> [What the exercise asks]
The entries below contain pictures, which are to be left out; write out exactly, and only, the lines from the line with "레반테는 데포리티보 원정에서" up to and including the line with "Herní počítačová (e)ATX".

Start of Records supplied

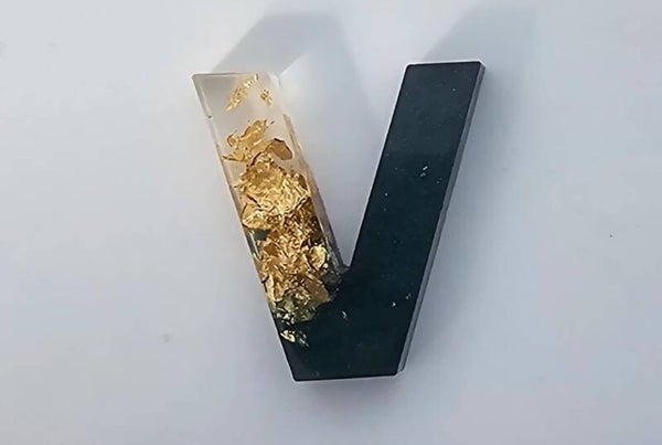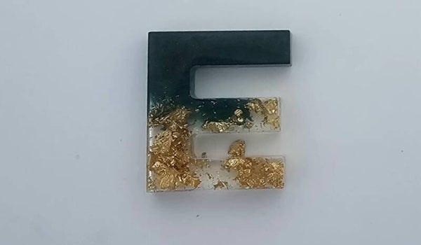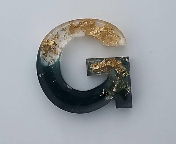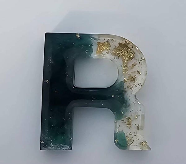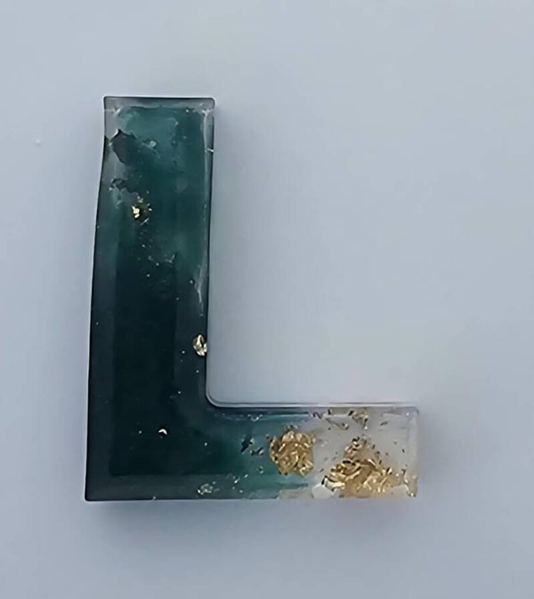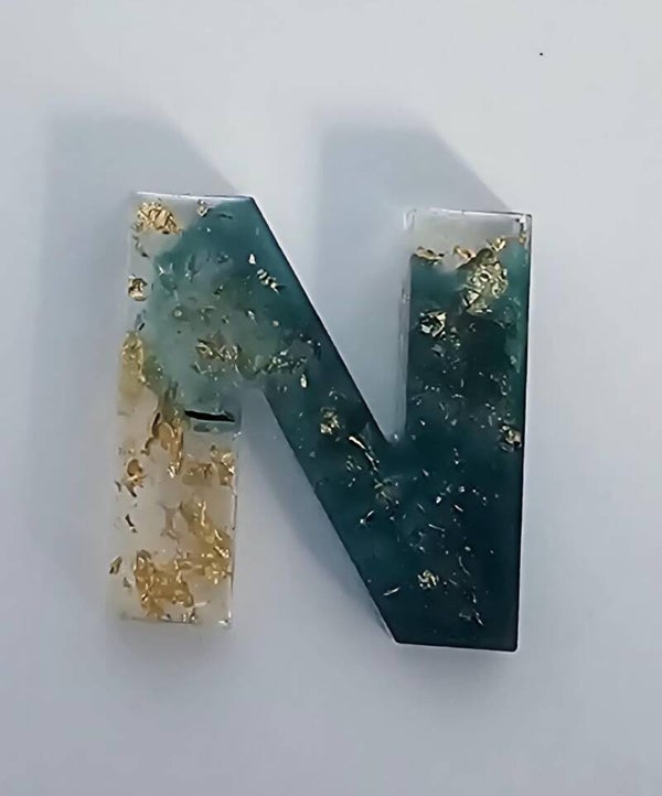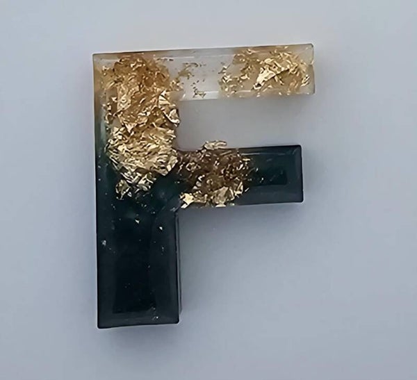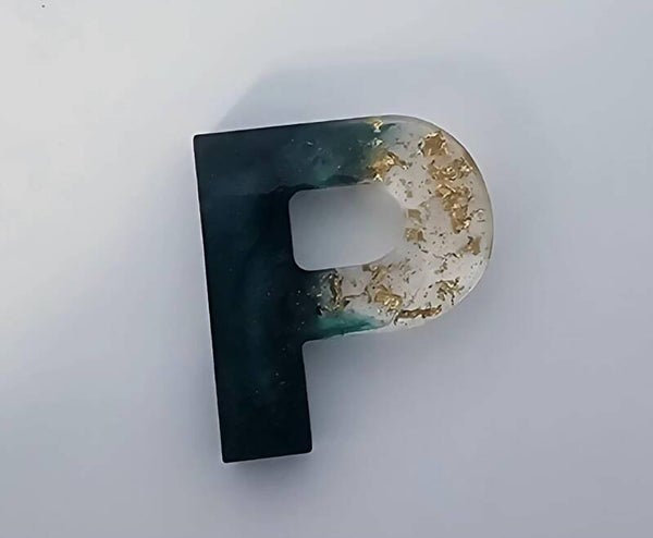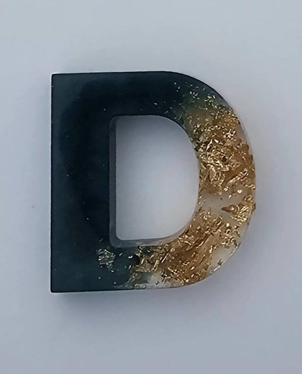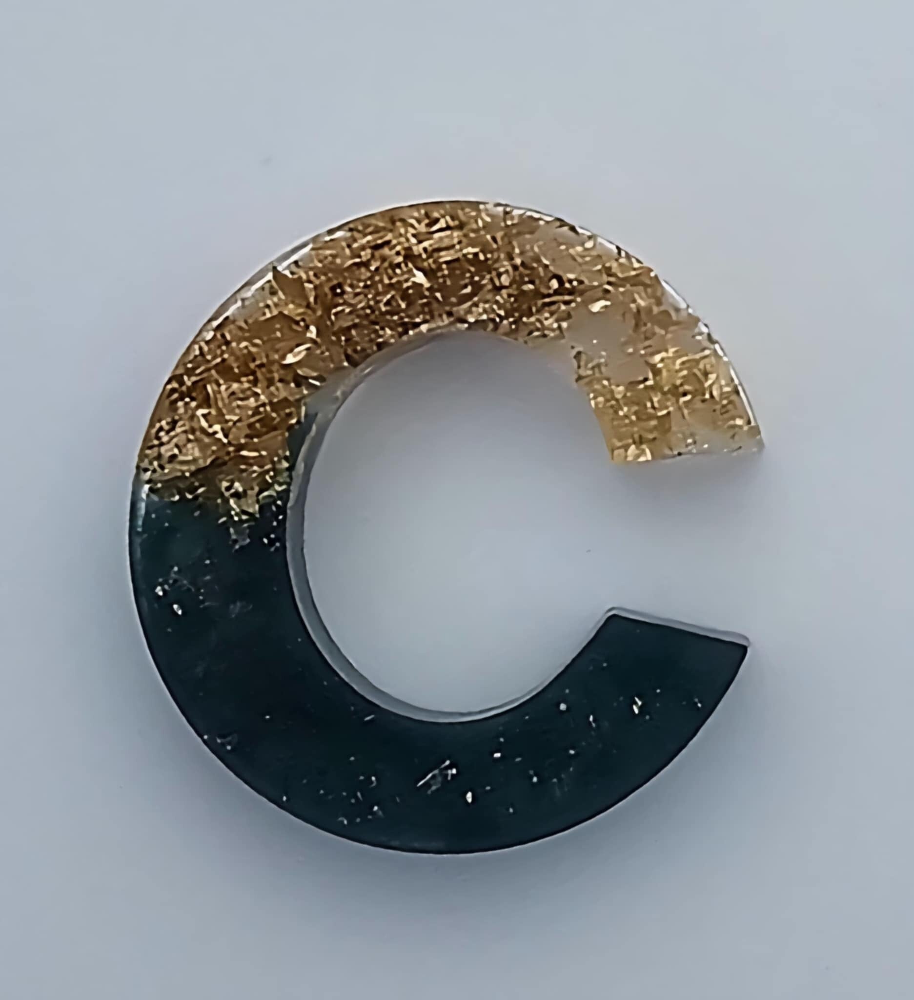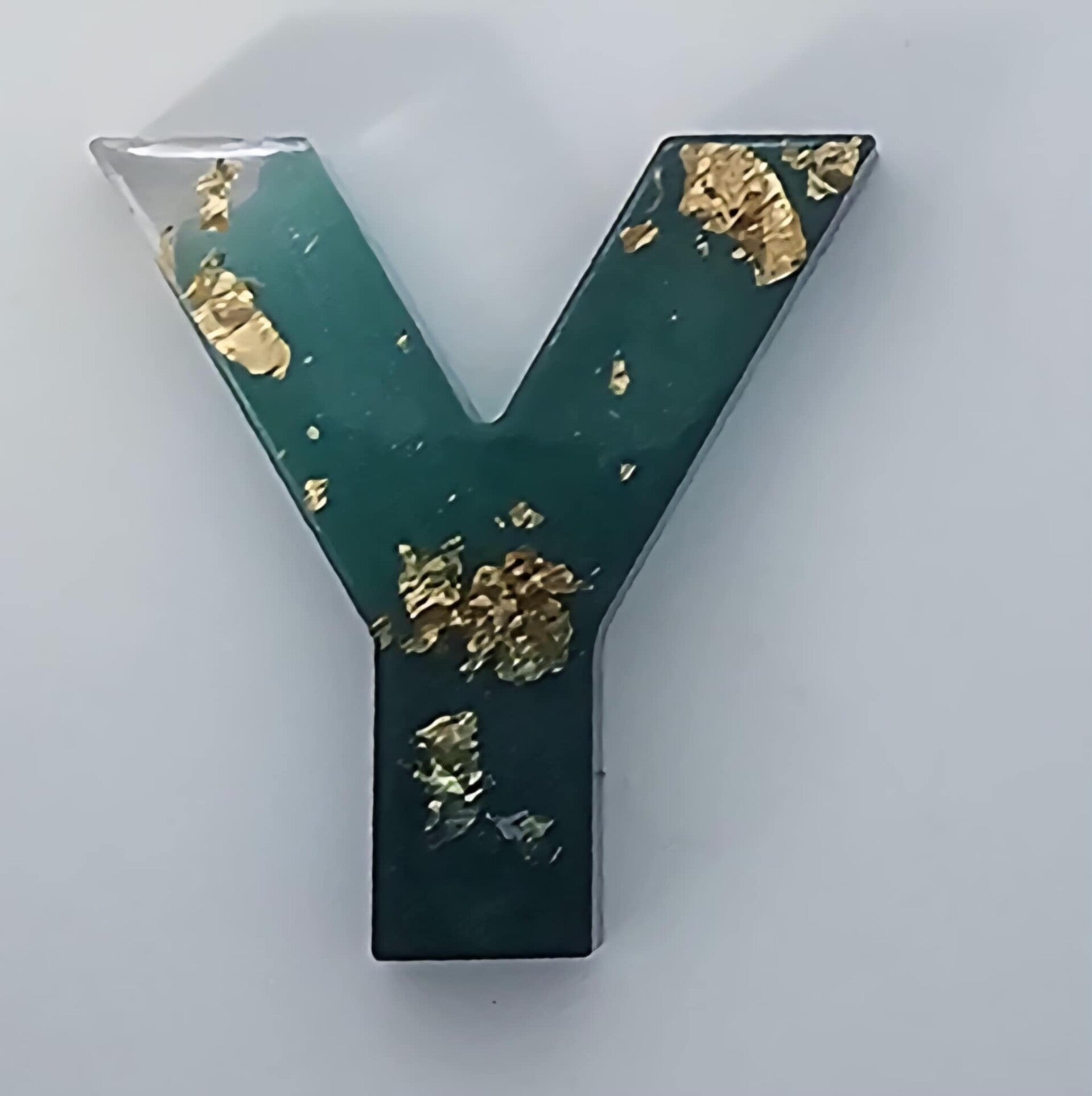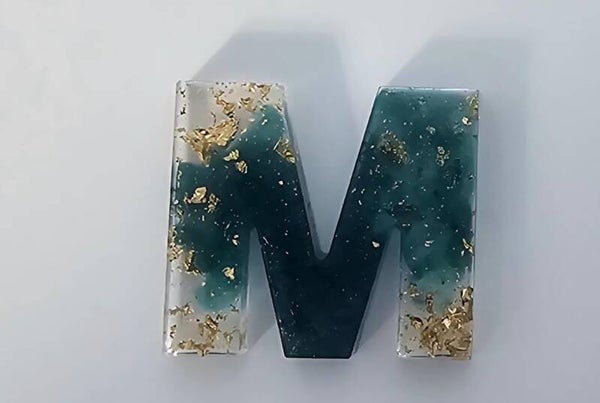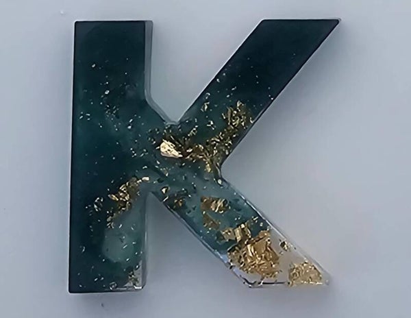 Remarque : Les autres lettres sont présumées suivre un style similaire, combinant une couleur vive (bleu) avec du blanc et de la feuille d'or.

End of Records supplied
Start of Records supplied

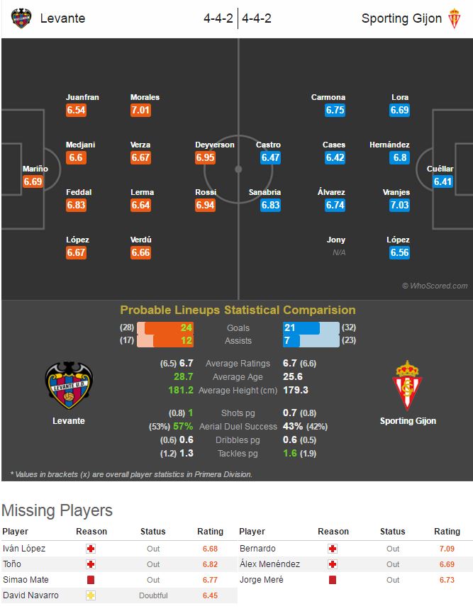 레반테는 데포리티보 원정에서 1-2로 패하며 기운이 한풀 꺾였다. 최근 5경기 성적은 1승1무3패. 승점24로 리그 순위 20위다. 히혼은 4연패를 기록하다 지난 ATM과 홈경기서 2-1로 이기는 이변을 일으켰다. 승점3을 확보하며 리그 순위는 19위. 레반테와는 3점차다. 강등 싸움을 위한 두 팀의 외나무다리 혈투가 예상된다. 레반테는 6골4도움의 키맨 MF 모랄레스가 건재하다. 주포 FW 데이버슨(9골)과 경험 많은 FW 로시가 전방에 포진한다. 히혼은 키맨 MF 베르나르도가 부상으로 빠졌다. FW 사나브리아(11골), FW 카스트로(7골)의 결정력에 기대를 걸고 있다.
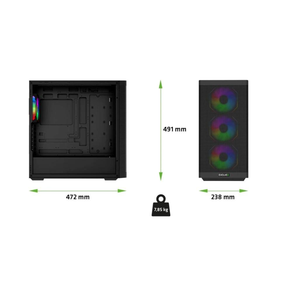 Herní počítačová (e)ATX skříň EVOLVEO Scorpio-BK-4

End of Records supplied

> [Your solution]
 레반테는 데포리티보 원정에서 1-2로 패하며 기운이 한풀 꺾였다. 최근 5경기 성적은 1승1무3패. 승점24로 리그 순위 20위다. 히혼은 4연패를 기록하다 지난 ATM과 홈경기서 2-1로 이기는 이변을 일으켰다. 승점3을 확보하며 리그 순위는 19위. 레반테와는 3점차다. 강등 싸움을 위한 두 팀의 외나무다리 혈투가 예상된다. 레반테는 6골4도움의 키맨 MF 모랄레스가 건재하다. 주포 FW 데이버슨(9골)과 경험 많은 FW 로시가 전방에 포진한다. 히혼은 키맨 MF 베르나르도가 부상으로 빠졌다. FW 사나브리아(11골), FW 카스트로(7골)의 결정력에 기대를 걸고 있다.
 Herní počítačová (e)ATX skříň EVOLVEO Scorpio-BK-4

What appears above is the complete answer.